Transcribe only the part of the material below that begins at the line containing "ครีมรักแร้ขาว Underarm Care" and ends at the line containing "Cliff/Bluff, (impressionism:1.05), salt", with both kept and images left out.

→ Listed entries:
- - - - -
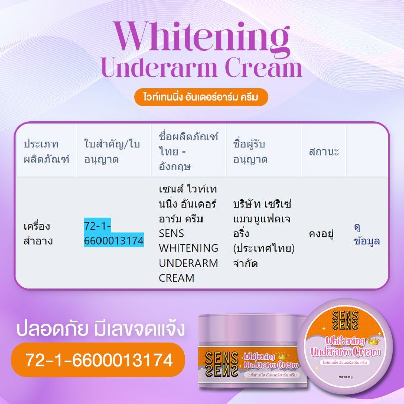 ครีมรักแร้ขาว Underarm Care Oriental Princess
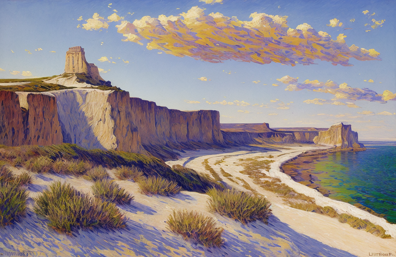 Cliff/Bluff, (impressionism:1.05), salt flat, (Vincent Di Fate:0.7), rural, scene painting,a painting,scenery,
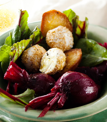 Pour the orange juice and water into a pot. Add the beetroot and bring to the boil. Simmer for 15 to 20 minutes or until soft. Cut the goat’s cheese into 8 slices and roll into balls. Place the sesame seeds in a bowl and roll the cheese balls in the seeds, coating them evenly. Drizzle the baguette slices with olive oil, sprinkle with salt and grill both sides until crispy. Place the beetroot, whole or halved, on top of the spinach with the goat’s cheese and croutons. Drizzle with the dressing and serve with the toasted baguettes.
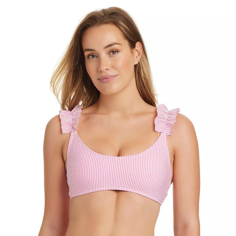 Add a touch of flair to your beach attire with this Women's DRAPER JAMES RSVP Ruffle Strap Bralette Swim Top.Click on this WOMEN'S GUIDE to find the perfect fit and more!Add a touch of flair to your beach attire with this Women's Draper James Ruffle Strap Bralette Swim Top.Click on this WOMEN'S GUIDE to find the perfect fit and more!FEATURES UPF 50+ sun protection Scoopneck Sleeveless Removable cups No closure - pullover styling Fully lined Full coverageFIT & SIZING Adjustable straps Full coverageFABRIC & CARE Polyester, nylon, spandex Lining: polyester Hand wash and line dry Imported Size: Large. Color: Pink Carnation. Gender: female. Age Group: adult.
- - - - -
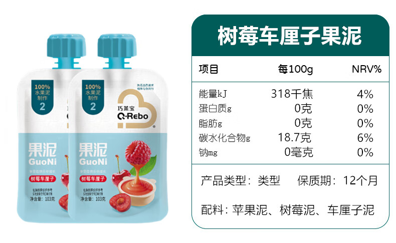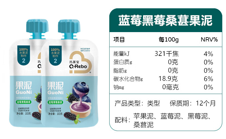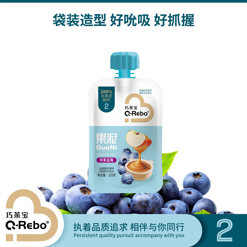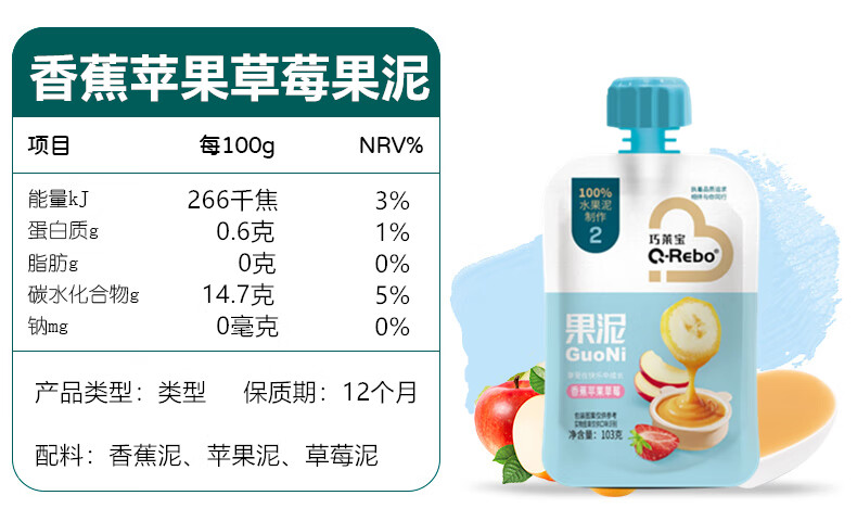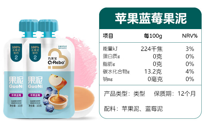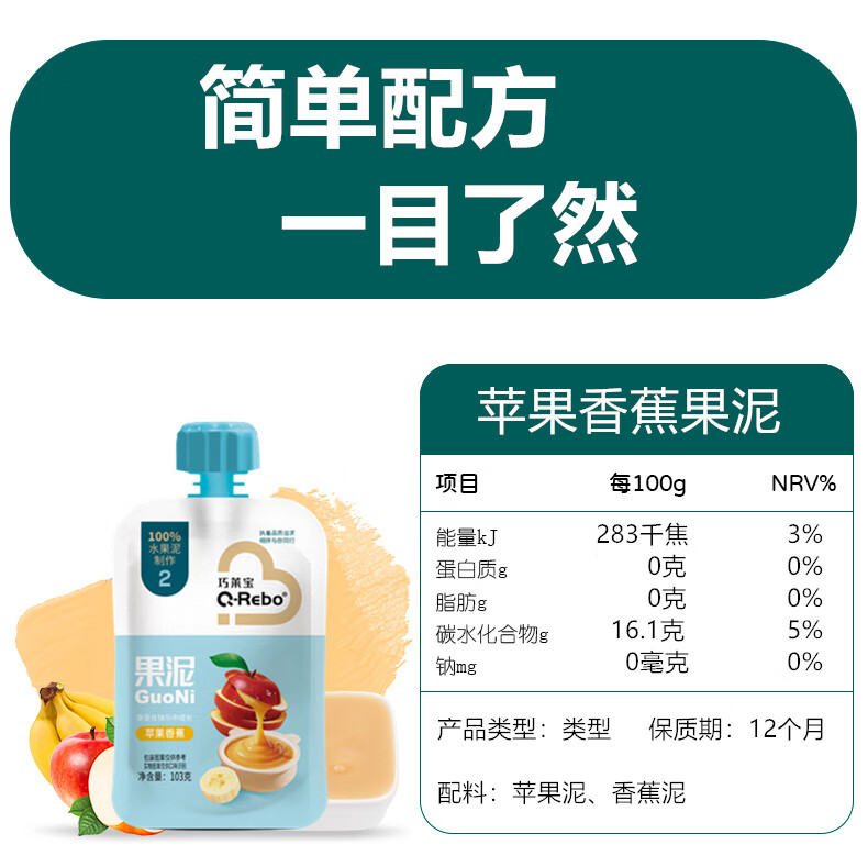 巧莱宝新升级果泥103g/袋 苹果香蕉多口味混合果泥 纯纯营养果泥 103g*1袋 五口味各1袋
- - - - -
→ Reply:
 ครีมรักแร้ขาว Underarm Care Oriental Princess
 Cliff/Bluff, (impressionism:1.05), salt flat, (Vincent Di Fate:0.7), rural, scene painting,a painting,scenery,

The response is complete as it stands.